Poul Steen Rasmussen, the Danish firm’s chief executive officer, notes that “2022 turned out to be a most challenging year” for Genan and many other companies. With the price of electricity sharply rising at extremely short notice, the company found its monthly electricity bill rising from under 800,000 euros to around 2.2 million euros during the third quarter of the year. At the same time, freight rates rose considerably, making Genan “less competitive in the many export markets to which we supply.”
Understandably Genan is, as Rasmussen notes, “not satisfied with the fact that earnings have dropped this much” due to “extraordinary events which we have been in no position to change.” The company is nonetheless “pleased to have achieved our all-time highest turnover in 2022.” The CEO adds that Genan’s response to increasing energy costs has been “prompt at all plants.”
Preventing “staggering” costs
Genan operates facilities in Denmark, Germany, Portugal and the USA, with a total capacity to recycle more than 400,000 tonnes of end-of-life tyres annually. Specific measures deployed during the energy crisis include the installation of fully automatic on/off systems that shut down production equipment when the price of electricity reaches a certain level.
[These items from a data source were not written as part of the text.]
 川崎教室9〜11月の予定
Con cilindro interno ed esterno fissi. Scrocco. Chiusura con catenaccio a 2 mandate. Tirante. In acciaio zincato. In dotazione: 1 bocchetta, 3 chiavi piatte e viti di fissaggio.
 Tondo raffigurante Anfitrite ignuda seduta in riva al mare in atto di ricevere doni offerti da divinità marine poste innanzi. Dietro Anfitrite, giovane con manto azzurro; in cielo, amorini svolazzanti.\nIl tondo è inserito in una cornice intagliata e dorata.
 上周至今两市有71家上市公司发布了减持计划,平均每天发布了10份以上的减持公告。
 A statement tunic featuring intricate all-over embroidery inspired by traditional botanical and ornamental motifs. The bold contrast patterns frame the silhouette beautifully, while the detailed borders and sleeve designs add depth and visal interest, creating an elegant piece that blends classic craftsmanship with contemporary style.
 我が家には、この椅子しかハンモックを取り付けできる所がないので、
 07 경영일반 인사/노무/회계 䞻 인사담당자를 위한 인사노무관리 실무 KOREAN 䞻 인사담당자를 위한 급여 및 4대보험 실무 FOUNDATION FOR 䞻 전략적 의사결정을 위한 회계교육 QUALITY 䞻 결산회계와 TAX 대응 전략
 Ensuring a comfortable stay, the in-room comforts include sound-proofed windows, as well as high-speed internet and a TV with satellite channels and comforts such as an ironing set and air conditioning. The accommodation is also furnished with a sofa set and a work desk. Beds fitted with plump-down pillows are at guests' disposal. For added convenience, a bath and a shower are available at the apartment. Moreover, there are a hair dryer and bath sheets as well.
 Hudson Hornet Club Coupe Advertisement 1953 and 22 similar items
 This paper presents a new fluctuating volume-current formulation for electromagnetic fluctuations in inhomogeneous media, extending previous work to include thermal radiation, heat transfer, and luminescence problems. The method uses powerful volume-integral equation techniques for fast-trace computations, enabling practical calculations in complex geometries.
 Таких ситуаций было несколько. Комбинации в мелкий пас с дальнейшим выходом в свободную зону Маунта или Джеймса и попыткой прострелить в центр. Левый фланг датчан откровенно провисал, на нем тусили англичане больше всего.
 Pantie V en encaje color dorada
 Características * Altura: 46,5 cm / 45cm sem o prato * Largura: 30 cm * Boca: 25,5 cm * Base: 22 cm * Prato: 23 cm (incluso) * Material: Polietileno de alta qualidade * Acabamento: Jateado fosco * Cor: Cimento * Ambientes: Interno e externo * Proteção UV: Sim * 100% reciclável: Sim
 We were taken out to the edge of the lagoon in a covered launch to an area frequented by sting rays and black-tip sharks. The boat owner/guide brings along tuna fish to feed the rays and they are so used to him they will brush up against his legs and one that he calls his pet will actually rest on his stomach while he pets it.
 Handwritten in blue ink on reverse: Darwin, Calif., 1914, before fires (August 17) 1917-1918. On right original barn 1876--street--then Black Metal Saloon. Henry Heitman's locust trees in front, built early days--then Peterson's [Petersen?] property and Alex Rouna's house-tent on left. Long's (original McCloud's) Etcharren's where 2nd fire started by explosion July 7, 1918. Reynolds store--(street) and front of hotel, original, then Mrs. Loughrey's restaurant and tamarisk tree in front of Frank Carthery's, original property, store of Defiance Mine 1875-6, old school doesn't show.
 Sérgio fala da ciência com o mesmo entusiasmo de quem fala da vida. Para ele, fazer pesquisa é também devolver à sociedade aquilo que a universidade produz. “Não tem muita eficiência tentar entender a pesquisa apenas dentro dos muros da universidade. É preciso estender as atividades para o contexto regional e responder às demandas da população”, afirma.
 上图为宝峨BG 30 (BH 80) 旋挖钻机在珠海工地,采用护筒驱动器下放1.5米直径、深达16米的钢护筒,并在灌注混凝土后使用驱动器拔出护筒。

Genan explains that without this equipment, production would have continued at a “staggering cost level” that “neither the energy surcharge nor price increases could have outweighed.”
Management and employees also agreed on flexible working procedures, such as working on Sundays when electricity prices are lower. “All our employees showed a great deal of initiative and flexibility when the energy crisis peaked, and I owe everyone a heartfelt thank you for this adaptability,” comments Rasmussen.
Accelerating energy-saving measures
Even though electricity prices have receded from last year’s peaks, current price levels are still high. Genan’s facilities remain relatively energy intensive despite the energy-saving measures implemented in recent years, and the company is now speeding up its ongoing work to invest in renewable energy sources.
Solar cell panels for producing green energy are “in the pipeline” at Genan locations, and the company aims to contract for the delivery of green energy for its production equipment through several Power Purchase Agreements (PPA).
2023 outlook
Rasmussen reports that Genan anticipates “an increase in both turnover and earnings” in 2023. He adds that the company’s ability “quickly and efficiently” to adjust its activities in a dynamic market remains “crucial” when it comes to tackling external factors such as the price development of steel, energy and shipping.